Page 4: The County Sheriff

History (cont’d)

Lord Coke, a famous English legal scholar, traced the office back to the Romans. Under Roman law, sheriffs, shires, and counties existed and the office was referred as the office of the consul, which the Romans called consulatum. W.H. Watson, A Practical Treatise on the Office of Sheriff, ch. 1, § 1, p. 1 (2d ed 1994).

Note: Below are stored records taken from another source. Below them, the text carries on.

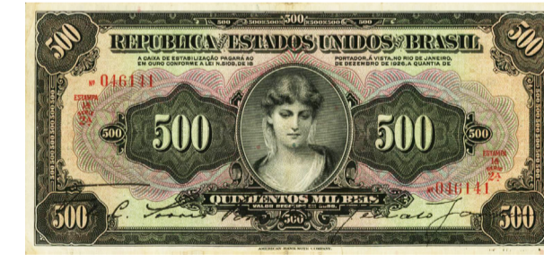
American Bank Note Company - 500$000 - 192 x 91 mm
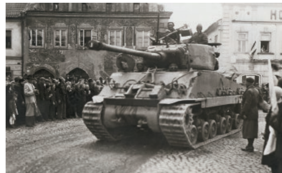
▪ Osvobození Sušice americkou armádou v květnu 1945.
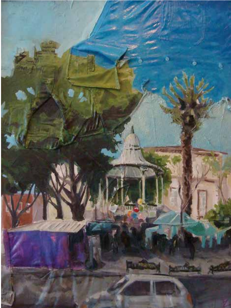
Jardín Juárez. Óleo sobre ropa, 100 x 95 cm

Translations of the Book of Daniel, Chapters 3:2; 3:3, recount the author’s recorded dreams upon his exile to the Province of Babylon in 598/597 B.C., and those translated writings include reference to “sheriffs” of the outlying provinces, who accompanied Nebuchadnezzar to a dedication ceremony in Babylon. New World Translation of the Holy Scriptures, p. 1135 (Revised 1984); King James Bible (Old Testament).

Page 5: The County Sheriff

History (cont’d)

“The functions, status and powers of the office . . . have undergone change, but for over nine centuries it has maintained a continuous existence and preserved its distinguishing features.” Morris, supra.

Page 6: The County Sheriff

American Constitutional Recognition

The recognition of the Office of Sheriff in State Constitutions had a uniquely American effect upon the common-law powers and duties of the Sheriff.

“When the office of sheriff is a constitutional office in any state, recognized and designated eo nomine as a part of the machinery of the state government, the sheriff ex vi termini must possess in that state all the substantial powers appertaining to the office by common law. It is competent for the state legislature to impose upon him new duties growing out of public policy or convenience, but it cannot strip him of his time-honored and common-law functions, and devolve them upon the incumbents of other offices created by legislative authority.” Murfree, A Treatise on the Law of Sheriffs and Other Ministerial Offices, § 41 (1884).

Page 7: The County Sheriff

American Constitutional Recognition (cont’d)

Under the Parliamentarian system of common-law England, the Office of Sheriff was reposed with no such stature, as English statutes could restrict and even do away with the Office, because it enjoyed no constitutional sanction, which essentially acted to suspend and preserve the Sheriff’s common-law powers and duties.

Thus, as the office attained the constitutional imperative in

the United States, the majority of states have held that the powers and duties of the office may not be abridged. Beasley v Ridout, 94 Md 641,52 A 61, 63 (1902), citing Murfree, supra, See also Murphy v Yates 276 Md 475, 491; 348 A2d 837, 846 (Md 1975), citing Allor v Bd of Auditors of Wayne County, 43 Mich 76, 101, 102-03; 4 NW 492 (1880).

Allor is the case most cited in other states for this rule. Thus, the Michigan rule is the majority rule.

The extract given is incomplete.